§ **EXERCISE GOAL**
The answer is an exact repetition of every entry, with all images left out.

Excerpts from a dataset
● ● ●

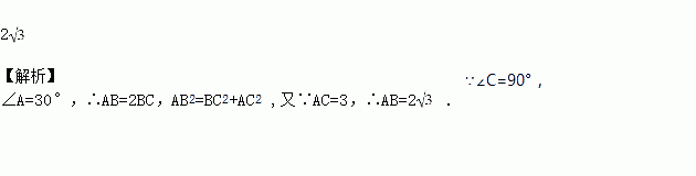 如图 ,在Rt△ABC中,∠C=90°,∠A=30°,AC=3,则斜边AB=______.
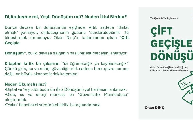 İş dünyasında son yıllarda sıkça dile getirilen “ikiz dönüşüm” kavramı, teknolojik ilerleme ile çevresel sürdürülebilirliği aynı strateji içinde birleştirmeyi ifade ediyor. Bu yaklaşımın önemine dikkat çeken isimlerden biri de yazar ve düşünce lideri Okan Dinç. Dinç, kaleme aldığı Çift Geçişle Dönüşüm adlı çalışmasında, dünyanın neden artık tek bir dönüşümle yetinemeyeceğini detaylı biçimde ele alıyor.
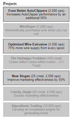 | Optimized AutoClippers | 5,000 ops | Even Better AutoClippers | Increases AutoClipper performance by an additional 75% | |
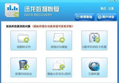 使用迅龍數(shù)據(jù)恢復軟件可以很輕松地恢復刪除的、格式化的、誤ghost、誤分區(qū)等原因丟失的文件??梢哉f迅龍數(shù)據(jù)恢復軟件是目前最好的數(shù)據(jù)恢復軟件,本軟件的幾大特點是:支持所有格式的文件類型恢復、掃描速度極快、恢復效果非常好,能掃描出來的文件都能成功恢復、軟件采用向?qū)浇缑?,易于新手操作?br />
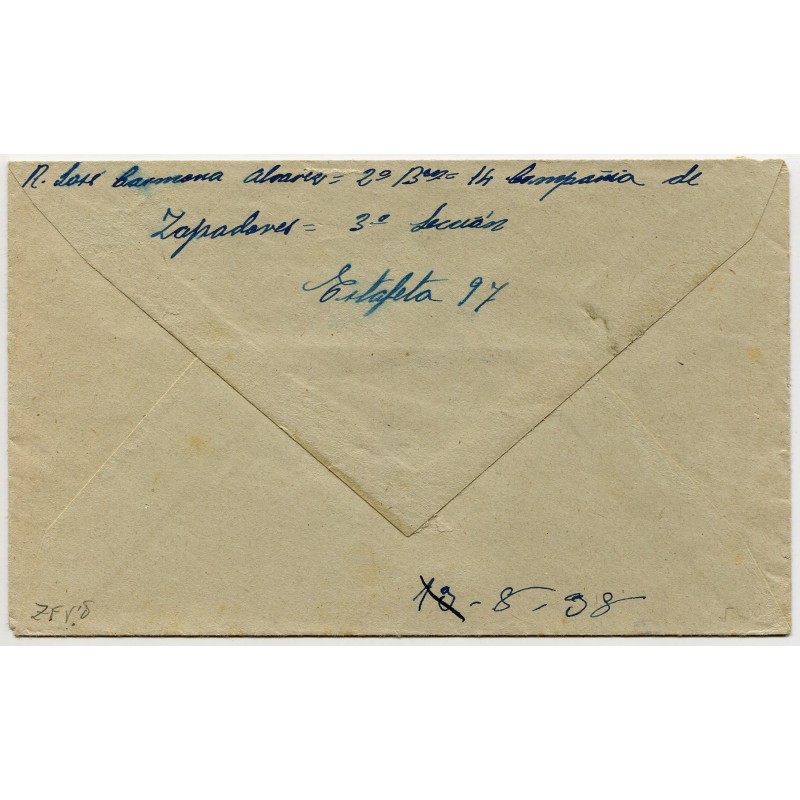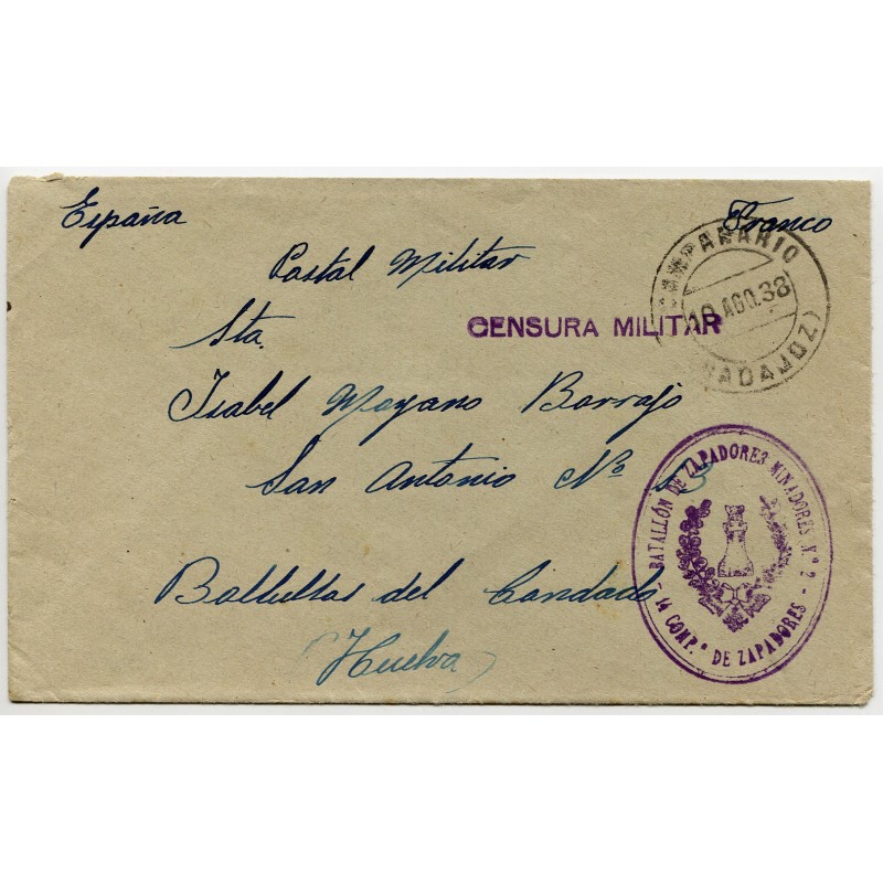 Franchise mark "BATALLÓN DE ZAPADORES MINADORES Nº 2 - 14 COMPª DE ZAPADORES", censor and Campanario postmark dated on August 10, 1938.
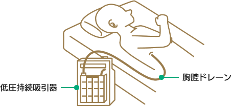 胸腔内に溜まった空気を抜いて肺を膨らませることから始まります。色々な方法がありますが、通常は、胸に空気を抜くための細いゴムホースのような管(胸腔ドレーンといいます)を挿し込み、空気を抜くための特殊な機械につないで肺を膨らませておきます。

● ● ●

§ **RESULT OF THIS TASK**
 如图 ,在Rt△ABC中,∠C=90°,∠A=30°,AC=3,则斜边AB=______.
 İş dünyasında son yıllarda sıkça dile getirilen “ikiz dönüşüm” kavramı, teknolojik ilerleme ile çevresel sürdürülebilirliği aynı strateji içinde birleştirmeyi ifade ediyor. Bu yaklaşımın önemine dikkat çeken isimlerden biri de yazar ve düşünce lideri Okan Dinç. Dinç, kaleme aldığı Çift Geçişle Dönüşüm adlı çalışmasında, dünyanın neden artık tek bir dönüşümle yetinemeyeceğini detaylı biçimde ele alıyor.
 | Optimized AutoClippers | 5,000 ops | Even Better AutoClippers | Increases AutoClipper performance by an additional 75% | |
 使用迅龍數(shù)據(jù)恢復軟件可以很輕松地恢復刪除的、格式化的、誤ghost、誤分區(qū)等原因丟失的文件??梢哉f迅龍數(shù)據(jù)恢復軟件是目前最好的數(shù)據(jù)恢復軟件,本軟件的幾大特點是:支持所有格式的文件類型恢復、掃描速度極快、恢復效果非常好,能掃描出來的文件都能成功恢復、軟件采用向?qū)浇缑?,易于新手操作?br />
 Franchise mark "BATALLÓN DE ZAPADORES MINADORES Nº 2 - 14 COMPª DE ZAPADORES", censor and Campanario postmark dated on August 10, 1938.
 胸腔内に溜まった空気を抜いて肺を膨らませることから始まります。色々な方法がありますが、通常は、胸に空気を抜くための細いゴムホースのような管(胸腔ドレーンといいます)を挿し込み、空気を抜くための特殊な機械につないで肺を膨らませておきます。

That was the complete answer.